= Source data =
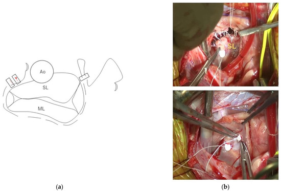 Modified loop technique. (a) Schema of the modified loop technique, in which loops of various lengths are pre-made, sterilized, and used during surgery. Further, 80% of the loops of the strut chordae (red) length were selected to repair ruptured or elongated chordae tendineae (yellow). (b) Using a ruler, the length of the strut chordae (top) was measured. Then, three loops (white arrow), each 80% of the length of the strut chordae, were fixed to the cranial and caudal papillary muscles with a double-armed suture. Of the three loops, two are fixed to the septal leaflet and one to the mural leaflet with simple interrupted sutures (bottom). The loops of the mural leaflet and the center of the septal leaflet are ligated at two points at the valve leaflet. Ao: Aorta; SL: Septal leaflet; ML: mural leaflet; LA: left atrium.
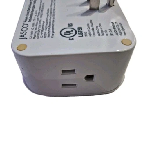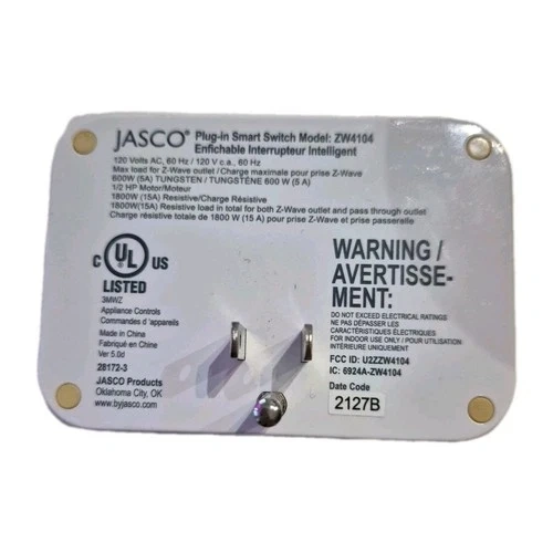 103The Jasco ZW4104 is a Z-Wave Plus plug-in dual-outlet switch with one Z-Wave controlled outlet and one pass-through outlet. Its specifications include a power rating of Power: 120VAC, 60Hz Signal Frequency: 908.4/916MHz Maximum Load (Both Outlets): 1800W 15A resistive Maximum Load (Z-Wave Controlled Outlet): 600W 5A incandescent 1/2HP motor 1800W resistive Wireless Range: Up to 150 feet line of sight Operating Temperature: 32−104°F 0−40°C Z-Wave Version: Z-Wave Plus with S2 Security and SmartStart Wire Requirement: Neutral wire is required for in-wall models, but the ZW4104 is a plug-in unit. Installation: For indoor use only
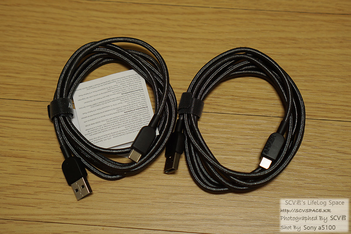 왼쪽이 USB-A to C, 오른쪽이 USB-C to C 열면 이렇게 나일론 피복의 케이블이 두개씩. 각 길이 1.8M
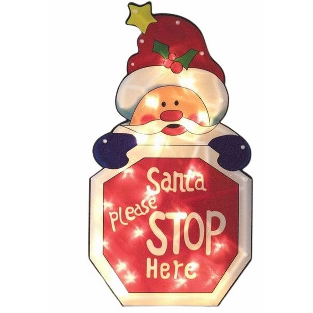 Cartel Navidad Stop Santa Claus 20 LED a pilas 45 x 24.5 cm

= What is required =
Without any pictures, please write out the lines from the one containing "왼쪽이 USB-A to" through the final line of the data, exactly and inclusive of both ends.

= Worked solution =
 왼쪽이 USB-A to C, 오른쪽이 USB-C to C 열면 이렇게 나일론 피복의 케이블이 두개씩. 각 길이 1.8M
 Cartel Navidad Stop Santa Claus 20 LED a pilas 45 x 24.5 cm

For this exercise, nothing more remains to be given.